The crowd screamed with horror. The wind tore mercilessly at the banners.
Even the bent pillars of flames seemed to be crying out with agony, though I knew that flames could not make a sound.
But somehow, even through all the uproar, the chaos, the loudness, I could still hear my frantic heartbeats.
Thud. Thud. Thud.
And yours, Terren?
Underneath those gray robes, inside the cage of your chest, is there still a beating heart like mine?
Can it still hear me, if I sang it a love ballad?
Maybe not. He was not moving at all.
Maybe it was too late. Maybe he had already left us, becoming air.
My body felt strangely heavy as Maro turned away from him and made for the felled dragon.
Now the audience was rioting, but not just with horror—amidst cries of outrage, there were also cheers, and applause, and tentative celebration.
A few fights had broken out. I could see men shoving each other on the crowded balcony opposite me.
The events of the coronation must have been so unprecedented that nobody truly knew how to feel; the nation had become a beast that did not know what it wanted.
There was no response from the Ancestors to my poem.
No sparks on the rug beneath me, no warmth under my pen, nothing.
Terren remained small and motionless in the arena.
The wind tugged at his hair, his torn sleeves, as if in a futile effort to wake him.
Even his sigil was not glowing anymore and had gone as black as charcoal.
So it was over, then. There had been no heartbeat after all.
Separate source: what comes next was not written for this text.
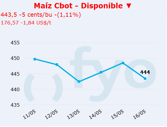 - Los futuros de maíz concluyen la jornada en baja, con el contrato de mayor volumen operado acercándose al mínimo desde diciembre del año pasado.

Perhaps I should have felt disappointed. Afraid for my own life, maybe. Or, at the very least, I should have tried something else in desperation or panic. Instead, I just sat there silent, feeling like I was very far away.
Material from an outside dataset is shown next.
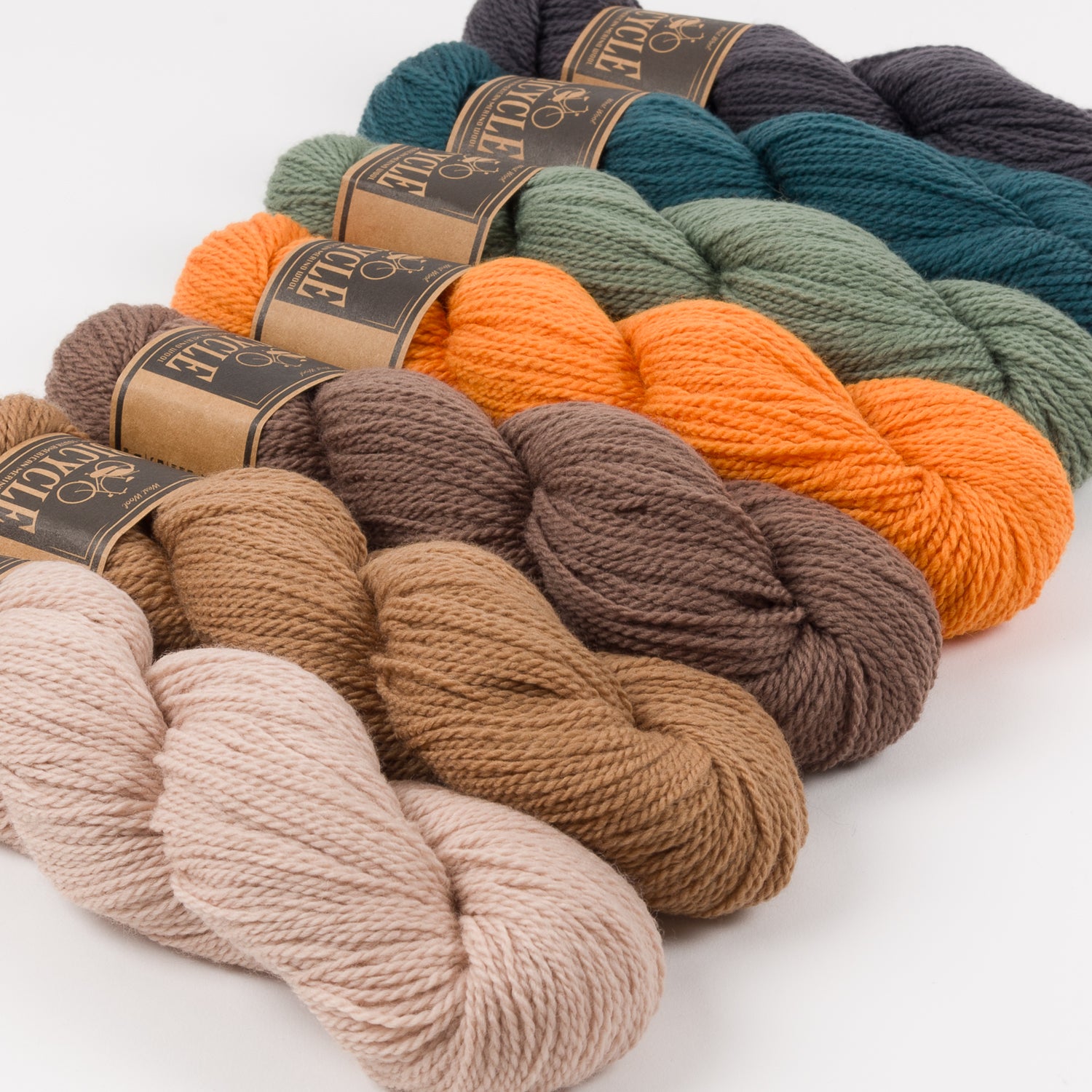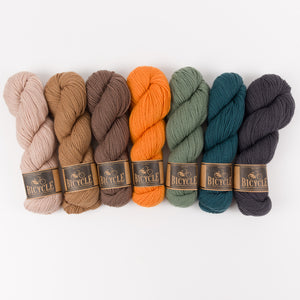This beautiful West Wool kit contains 14 skeins of fingering weight yarn. If you're looking for project inspiration, it will work up perfectly for any of these Westknits shawls.

I felt, strangely, like someone else had lived the events of the past year.
Like someone else had been chosen to be Empress-in-Waiting.
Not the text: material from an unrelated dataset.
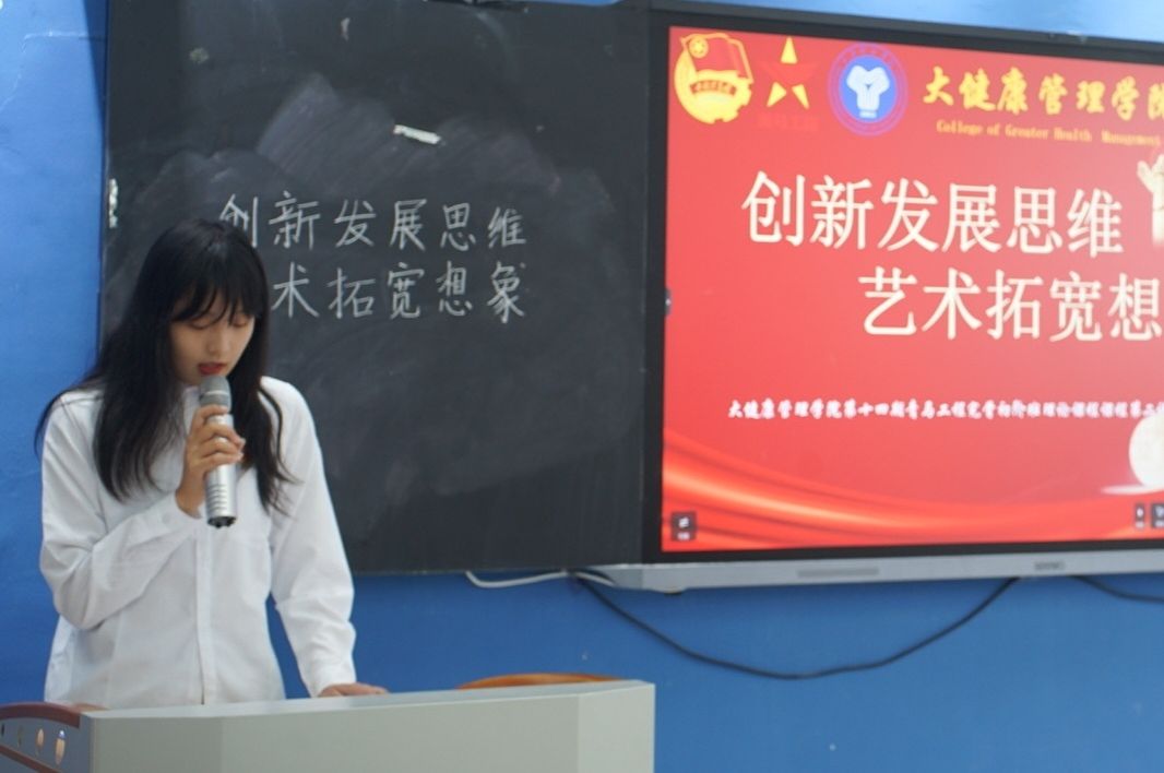 奋楫者先,创新者强。放飞想象翅膀,创造艺术人生。以青马工程为载体,完满教育为依托,共同促进青马学员内外兼修、全面发展,推动学员探索未知、挑战不可能。大健康管理学院于2023年11月10日星期五中午12:30在綦河书院二号楼智慧教室开展“创新发展思维·艺术拓宽想象”——大健康管理学院第十四期青马工程完骨初阶班理论课程第二讲。本次理论课程第二讲授课,特别邀请了创意写作学院王恒绩老师、瀛洲科幻学院李筱璐老师,为完骨初阶班全体成员进行授课。

Like someone else had been enduring those horrid nights, and learning to read in secret, and piecing together truths for her spell.
It felt like someone else’s eyes, not mine, staring down at the arena.
Watching Maro make it to the dragon and kneel in front of its head and put his palm to the scales between its glass eyes.
Someone else seeing him channel his magic, sending his red light into the Crown, persuading it to amplify his power of 路/Lu, of roads.
Then I blinked, because I realized I actually was far away. I was not just imagining it.
Part of me was still on the terrace, in my body, under the tent, but another part was—
There. Inside the arena, as a spark. A spark right inside Terren’s heart. I could feel its warmth around me, the embrace of its pulse. The spark became brilliant light, and the light flooded the entire ground of the arena before I could take a breath.
And then I saw—with the part of me still on the terrace—the arena transforming.
Transforming into an orchard. Soft grass unfurling from amidst the scattered salt, trumpet flowers bursting out of the cobblestones against the crushing wind.
In another span between breaths, trees sprouted, grew, and blossomed—pear and apricot, and cherries, and sweet peaches, turning the dry air lush and fragrant.
And amidst them, a little fish made of golden light sprang into life, tail wagging as it wriggled among their trunks.
A Fish That Swam Among Trees. That was the title I’d given my poem.
Maro must have sensed the change in the air. He stopped channeling, stood, and turned.
With the part of me inside the arena—the part that lived inside the little fish—I saw Terren’s eyes open. I watched him summon his eight swords back to his side and use one of them to push himself to his feet.